Its origins lie in a study by a Nobel laureate, Otto Meyerhof, who in the early years of the 20th century cut a frog in half and put its bottom half in a jar. The frog's muscles had no circulation — no source of oxygen or energy.

Dr. Myerhoff gave the frog's leg electric shocks to make the muscles contract, but after a few twitches, the muscles stopped moving. Then, when Dr. Myerhoff examined the muscles, he discovered that they were bathed in lactic acid.

A theory was born. Lack of oxygen to muscles leads to lactic acid, leads to fatigue.

Athletes were told that they should spend most of their effort exercising aerobically, using glucose as a fuel. If they tried to spend too much time exercising harder, in the anaerobic zone, they were told, they would pay a price, that lactic acid would accumulate in the muscles, forcing them to stop.

Few scientists questioned this view, Dr. Brooks said. But, he said, he became interested in it in the 1960's, when he was running track at Queens College and his coach told him that his performance was limited by a buildup of lactic acid.

When he graduated and began working on a Ph.D. in exercise physiology, he decided to study the lactic acid hypothesis for his dissertation.

"I gave rats radioactive lactic acid, and I found that they burned it faster than anything else I could give them," Dr. Brooks said.

It looked as if lactic acid was there for a reason. It was a source of energy.

Dr. Brooks said he published the finding in the late 70's. Other researchers challenged him at meetings and in print.

"I had huge fights, I had terrible trouble getting my grants funded, I had my papers rejected," Dr. Brooks recalled. But he soldiered on, conducting more elaborate studies with rats and, years later, moving on to humans. Every time, with every study, his results were consistent with his radical idea.

Eventually, other researchers confirmed the work. And gradually, the thinking among exercise physiologists began to change.

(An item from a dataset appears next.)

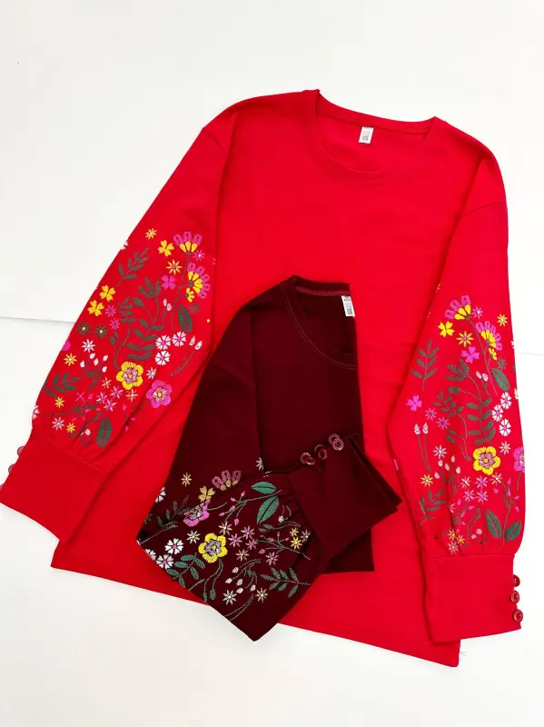 خرید عمده بلوز آستین بلند زنانه طرح گل برجسته مناسب شب یلدا

"The evidence has continued to mount," said L. Bruce Gladden, a professor of health and human performance at Auburn University. "It became clear that it is not so simple as to say, Lactic acid is a bad thing and it causes fatigue."

As for the idea that lactic acid causes muscle soreness, Dr. Gladden said, that never made sense.

"Lactic acid will be gone from your muscles within an hour of exercise," he said. "You get sore one to three days later. The time frame is not consistent, and the mechanisms have not been found."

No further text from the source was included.